_EXERCISE BRIEF_
Starting at the line holding "Free Mother Tiger" and finishing at the line holding "Дорога от усадьбы", transcribe the material exactly, keeping both ends but no pictures.
[[ DATASET EXTRACT open ]]
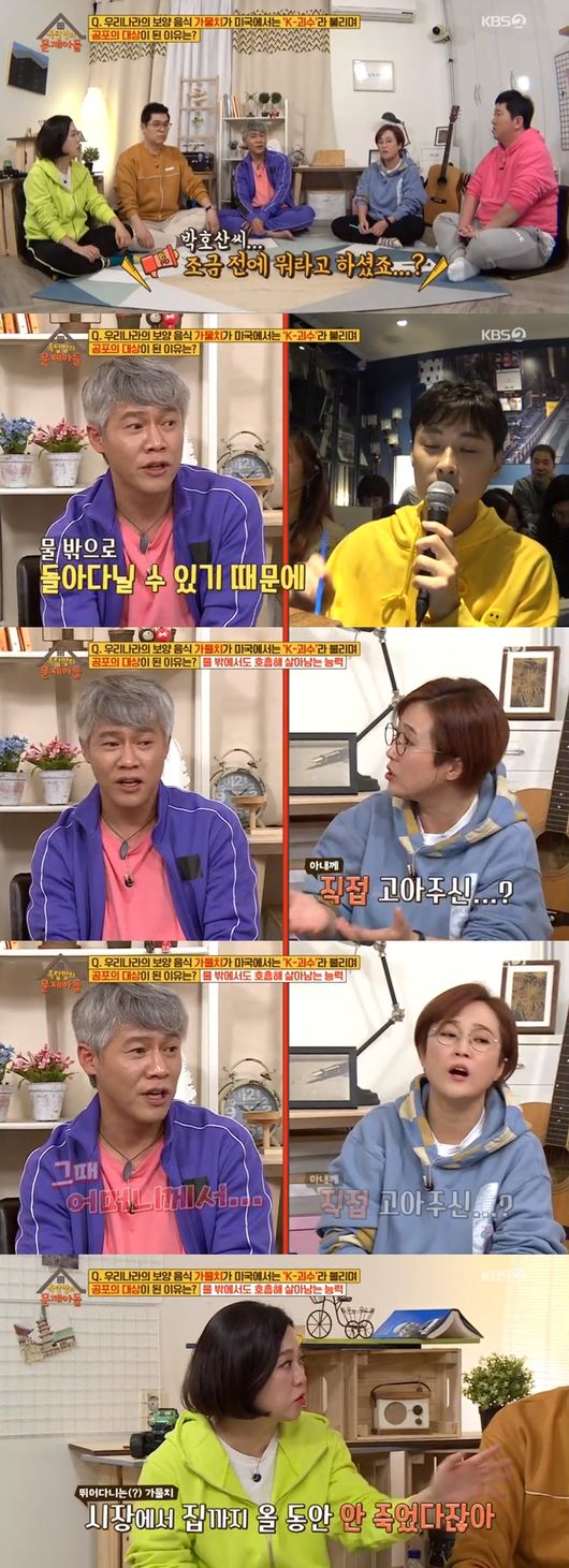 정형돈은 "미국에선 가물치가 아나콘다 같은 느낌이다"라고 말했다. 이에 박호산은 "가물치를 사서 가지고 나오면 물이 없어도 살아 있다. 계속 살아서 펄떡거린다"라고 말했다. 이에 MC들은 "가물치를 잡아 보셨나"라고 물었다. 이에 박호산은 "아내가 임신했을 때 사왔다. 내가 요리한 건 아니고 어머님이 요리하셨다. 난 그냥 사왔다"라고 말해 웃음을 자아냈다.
[[ DATASET EXTRACT closed ]]
[[ DATASET EXTRACT open ]]
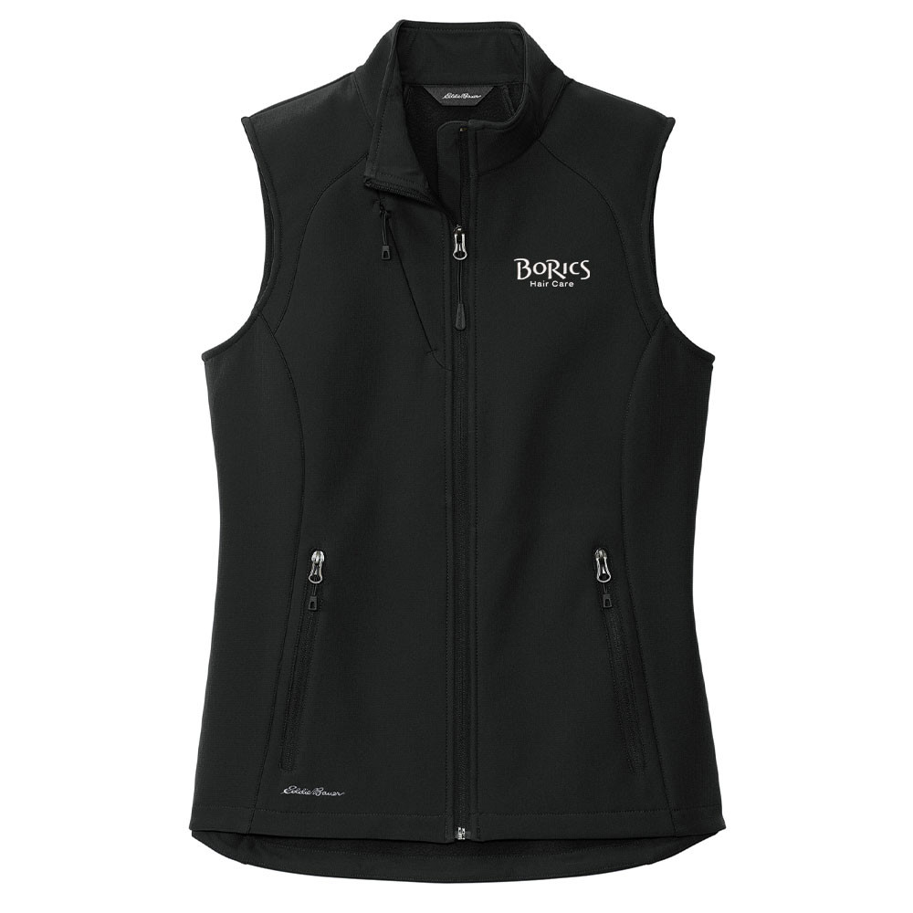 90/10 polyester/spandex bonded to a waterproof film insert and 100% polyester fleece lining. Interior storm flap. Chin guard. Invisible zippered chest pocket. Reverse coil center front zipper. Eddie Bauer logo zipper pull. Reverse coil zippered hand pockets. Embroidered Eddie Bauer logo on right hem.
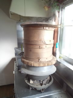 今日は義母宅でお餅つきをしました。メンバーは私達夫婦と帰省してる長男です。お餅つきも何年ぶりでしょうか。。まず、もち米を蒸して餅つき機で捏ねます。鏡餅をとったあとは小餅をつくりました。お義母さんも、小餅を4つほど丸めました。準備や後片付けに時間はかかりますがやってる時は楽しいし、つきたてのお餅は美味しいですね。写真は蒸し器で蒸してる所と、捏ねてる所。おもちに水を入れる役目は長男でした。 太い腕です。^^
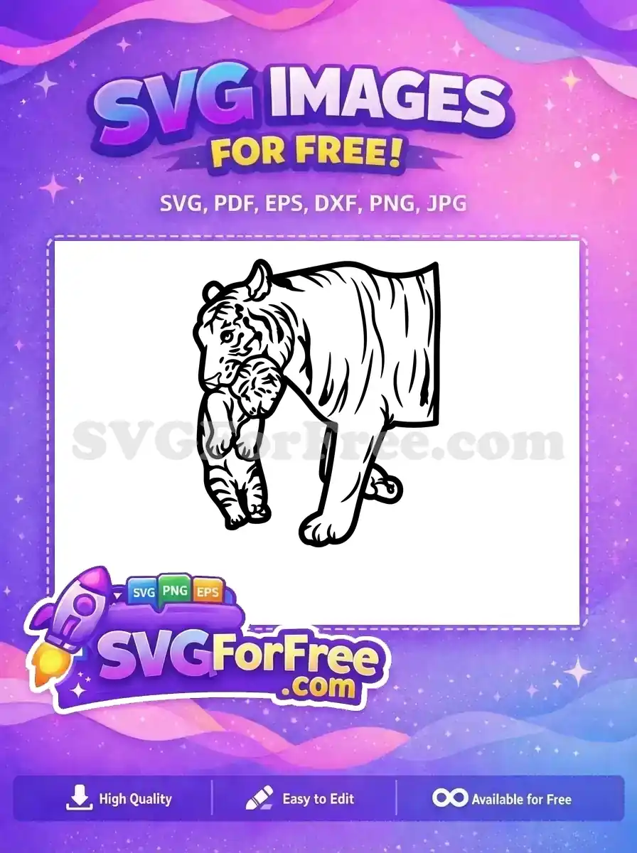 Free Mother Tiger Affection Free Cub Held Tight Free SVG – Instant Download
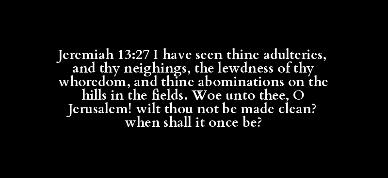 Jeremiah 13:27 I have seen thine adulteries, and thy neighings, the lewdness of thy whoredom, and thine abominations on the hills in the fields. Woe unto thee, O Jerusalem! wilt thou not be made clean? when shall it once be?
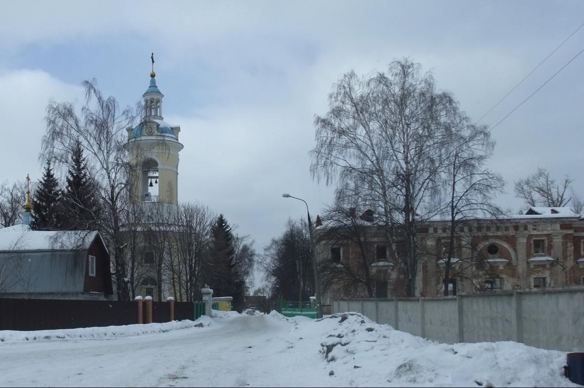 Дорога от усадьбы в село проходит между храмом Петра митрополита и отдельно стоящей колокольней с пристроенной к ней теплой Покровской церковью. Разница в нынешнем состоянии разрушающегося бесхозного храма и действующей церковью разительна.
[[ DATASET EXTRACT closed ]]
[[ DATASET EXTRACT open ]]
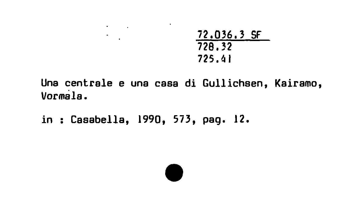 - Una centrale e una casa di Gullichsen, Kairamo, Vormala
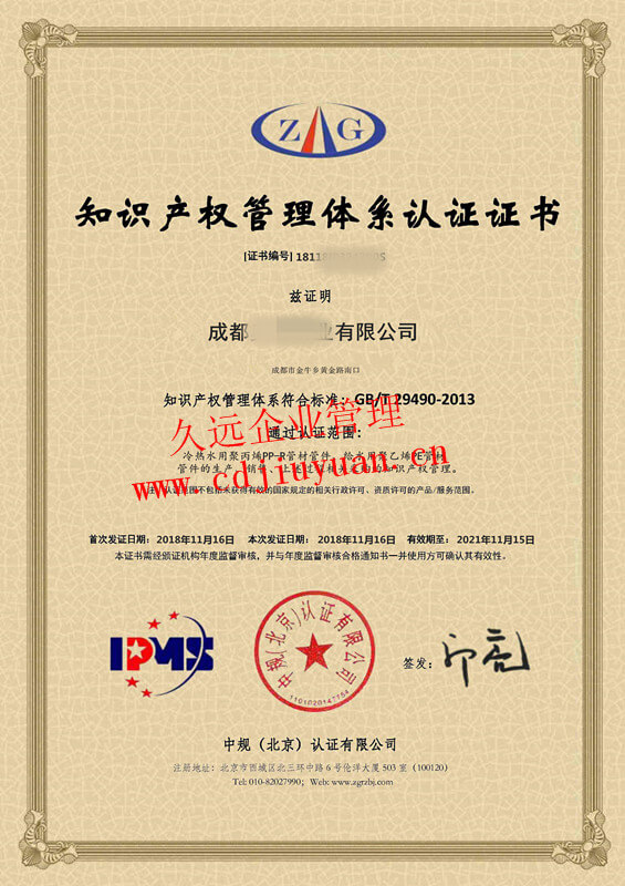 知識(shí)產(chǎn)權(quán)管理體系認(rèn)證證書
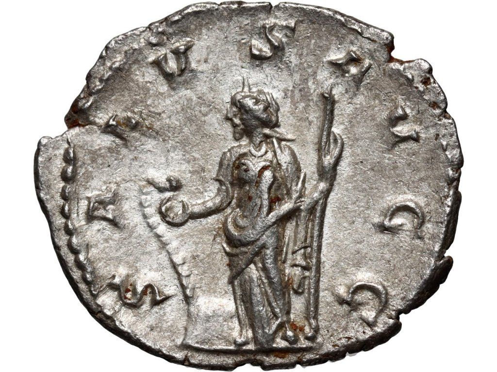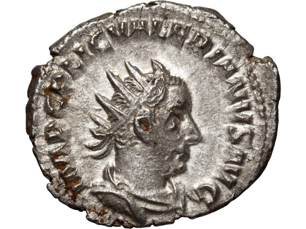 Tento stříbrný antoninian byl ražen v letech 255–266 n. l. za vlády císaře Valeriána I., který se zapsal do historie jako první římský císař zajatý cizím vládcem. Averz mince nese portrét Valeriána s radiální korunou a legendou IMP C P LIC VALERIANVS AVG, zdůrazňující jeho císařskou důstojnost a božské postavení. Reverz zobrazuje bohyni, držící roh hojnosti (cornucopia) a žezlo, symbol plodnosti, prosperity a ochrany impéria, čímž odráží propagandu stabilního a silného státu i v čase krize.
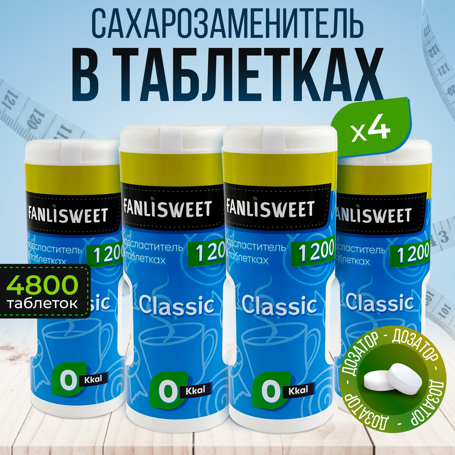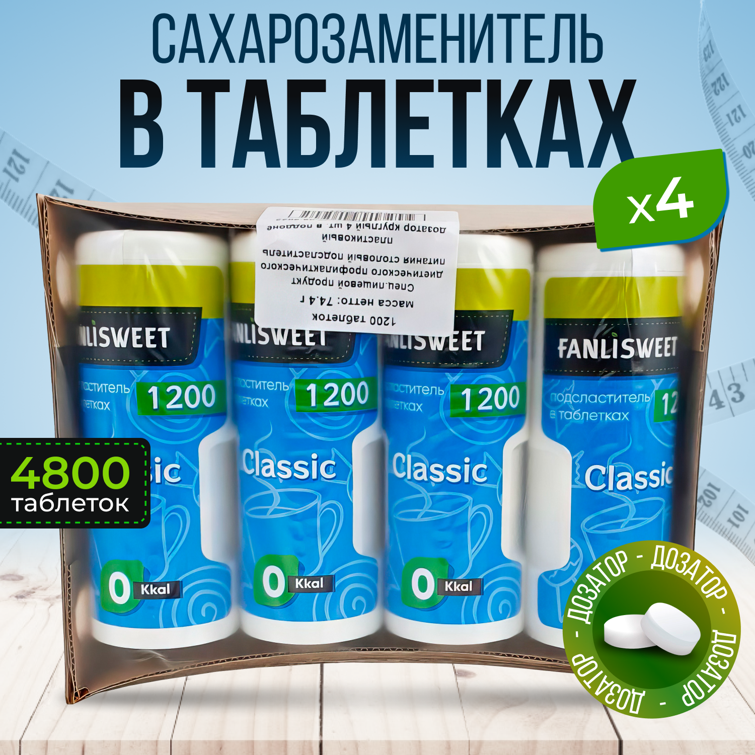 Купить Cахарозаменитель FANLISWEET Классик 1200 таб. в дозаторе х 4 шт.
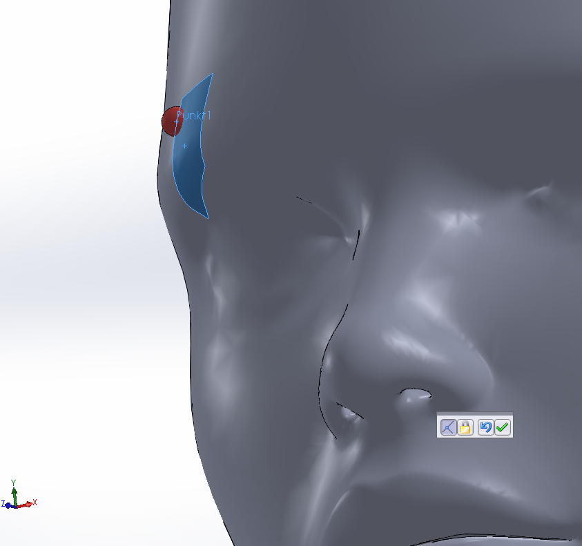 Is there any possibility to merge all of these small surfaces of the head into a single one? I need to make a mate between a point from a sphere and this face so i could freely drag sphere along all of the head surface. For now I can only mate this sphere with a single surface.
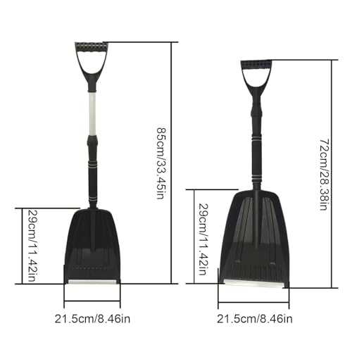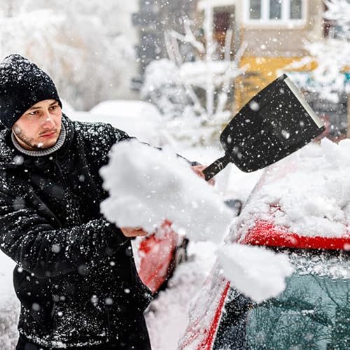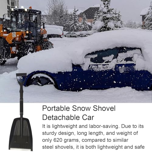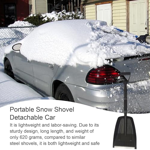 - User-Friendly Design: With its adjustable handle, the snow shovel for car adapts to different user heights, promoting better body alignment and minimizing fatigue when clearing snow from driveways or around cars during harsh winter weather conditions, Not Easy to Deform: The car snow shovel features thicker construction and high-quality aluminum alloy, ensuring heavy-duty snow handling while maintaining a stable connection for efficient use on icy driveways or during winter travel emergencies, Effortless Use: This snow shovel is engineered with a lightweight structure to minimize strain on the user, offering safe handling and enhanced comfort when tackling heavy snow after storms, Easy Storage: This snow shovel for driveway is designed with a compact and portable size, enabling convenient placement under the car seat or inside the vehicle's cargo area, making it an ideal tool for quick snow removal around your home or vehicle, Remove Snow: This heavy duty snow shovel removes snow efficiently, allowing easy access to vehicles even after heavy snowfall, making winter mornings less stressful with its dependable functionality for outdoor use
[[ DATASET EXTRACT closed ]]
_WRITTEN ANSWER_
 Free Mother Tiger Affection Free Cub Held Tight Free SVG – Instant Download
 Jeremiah 13:27 I have seen thine adulteries, and thy neighings, the lewdness of thy whoredom, and thine abominations on the hills in the fields. Woe unto thee, O Jerusalem! wilt thou not be made clean? when shall it once be?
 Дорога от усадьбы в село проходит между храмом Петра митрополита и отдельно стоящей колокольней с пристроенной к ней теплой Покровской церковью. Разница в нынешнем состоянии разрушающегося бесхозного храма и действующей церковью разительна.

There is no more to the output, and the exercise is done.